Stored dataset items
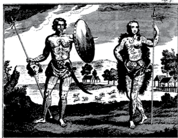
Ur brezelour hag ur vrezelourez pikt treset e 1739 gant James Robinson.

Ar Bikted, sed aze ur bobl gelt hag he deus lakaet an istorourien (ha tud all) da zuañ paper diwar o fenn. Brezelerien ferv anezho aet da get pell zo bremañ. Aet da get gwir eo, met evit pe abeg ?
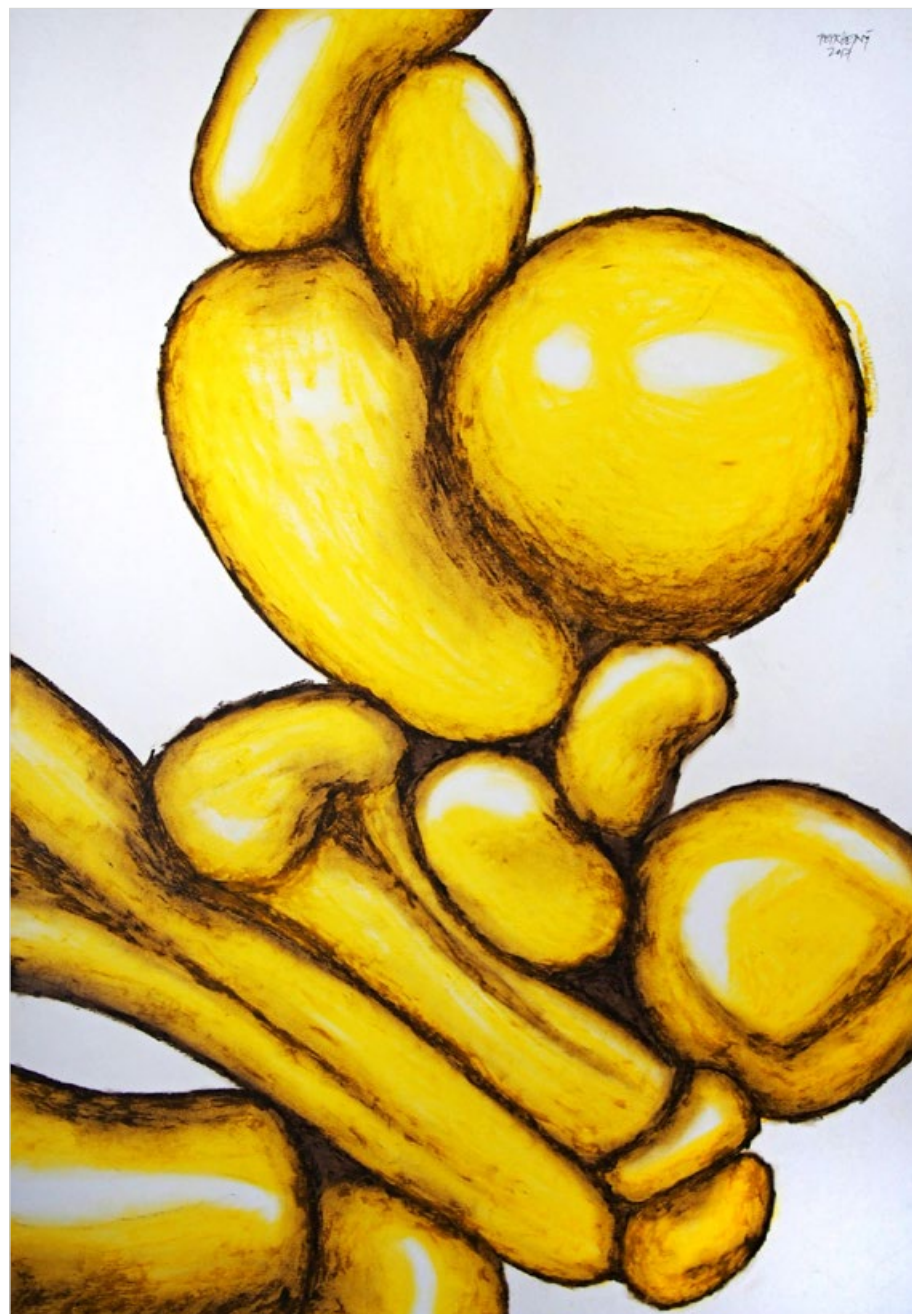
Detail kudlanky, 2017, pastel, papír, 100x70 cm
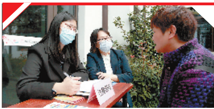
法律服务进社区

临江街道相关负责人说：“通过‘三责三亮三议’活动，不断加强党员干部与群众的沟通，提升了服务群众的能力，让临江街道更有凝聚力，群众更有参与感，助推临江在经济、民生等方面实现高质量发展。”
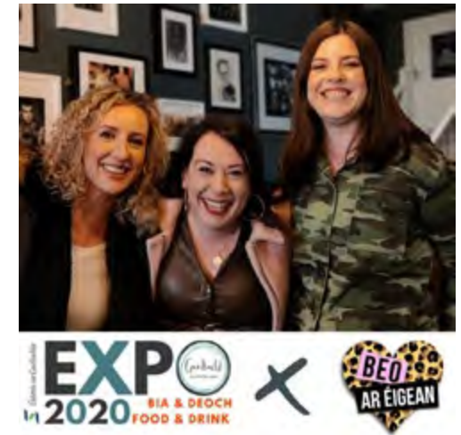
EXPO Bia & Deoch

Reáchtáladh, mar shampla Expo Ceardaíochta agus Expo Bia agus Deoch, ag obair i gcomhar le ceardaithe agus táirgeoirí chun solas a scaladh ar a gcuid saothair agus chun cur lena gcuid deiseanna díolachán.
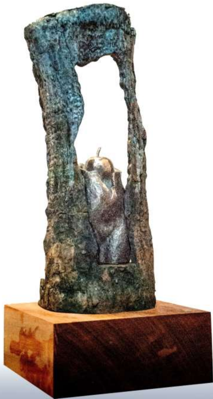
F.878 "árbol de Eva" 2019 Bronce.17x17x30 cm. M/9
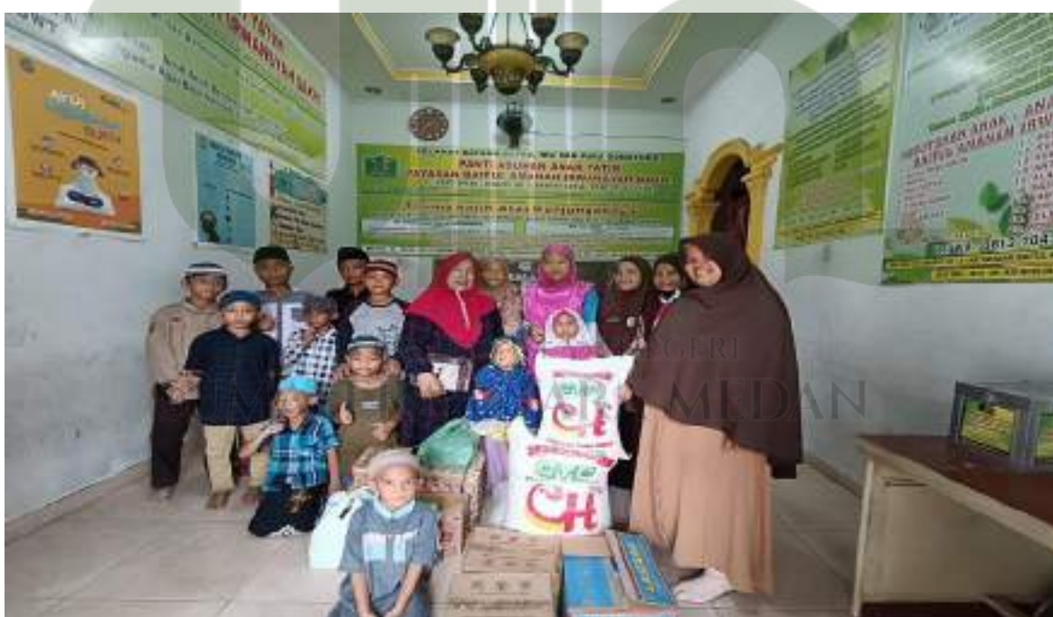
Foto kegiatan amal oleh siswa SD IT AL Hijrah ke panti asuhan sebagai implementasi karakter profil pelajar pancasila
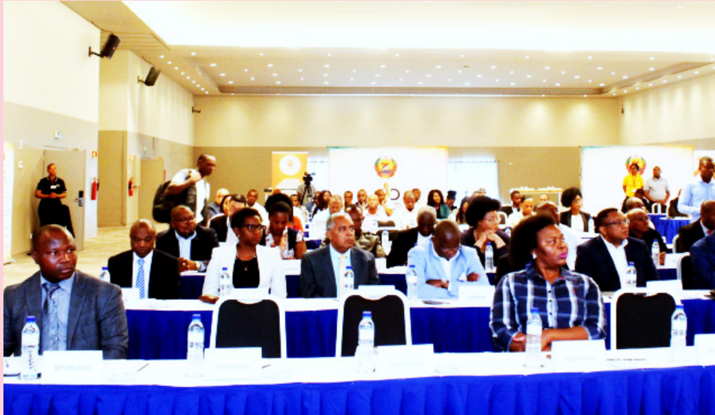
Vue partielle des participants

Le Forum de la communication sociale a permis une discussion ouverte sur les aspects de la communication sociale ; l'interaction et l'échange d'expériences entre journalistes de 3 générations, depuis l'approbation de la loi sur la presse en 1991 ; réflexion dans la classe journalistique sur son rôle et la question de l'éthique et de la déontologie à travers divers articles parus dans la presse ; l'analyse de la situation des médias au Mozambique et les défis dans l'exercice de la liberté

Work task —
Output only the lines above from the line that holds "Reáchtáladh, mar shampla" through the line that holds "Vue partielle des participants", both ends included, and exclude pictures.

Response to this task —
Reáchtáladh, mar shampla Expo Ceardaíochta agus Expo Bia agus Deoch, ag obair i gcomhar le ceardaithe agus táirgeoirí chun solas a scaladh ar a gcuid saothair agus chun cur lena gcuid deiseanna díolachán.
F.878 "árbol de Eva" 2019 Bronce.17x17x30 cm. M/9
Foto kegiatan amal oleh siswa SD IT AL Hijrah ke panti asuhan sebagai implementasi karakter profil pelajar pancasila
Vue partielle des participants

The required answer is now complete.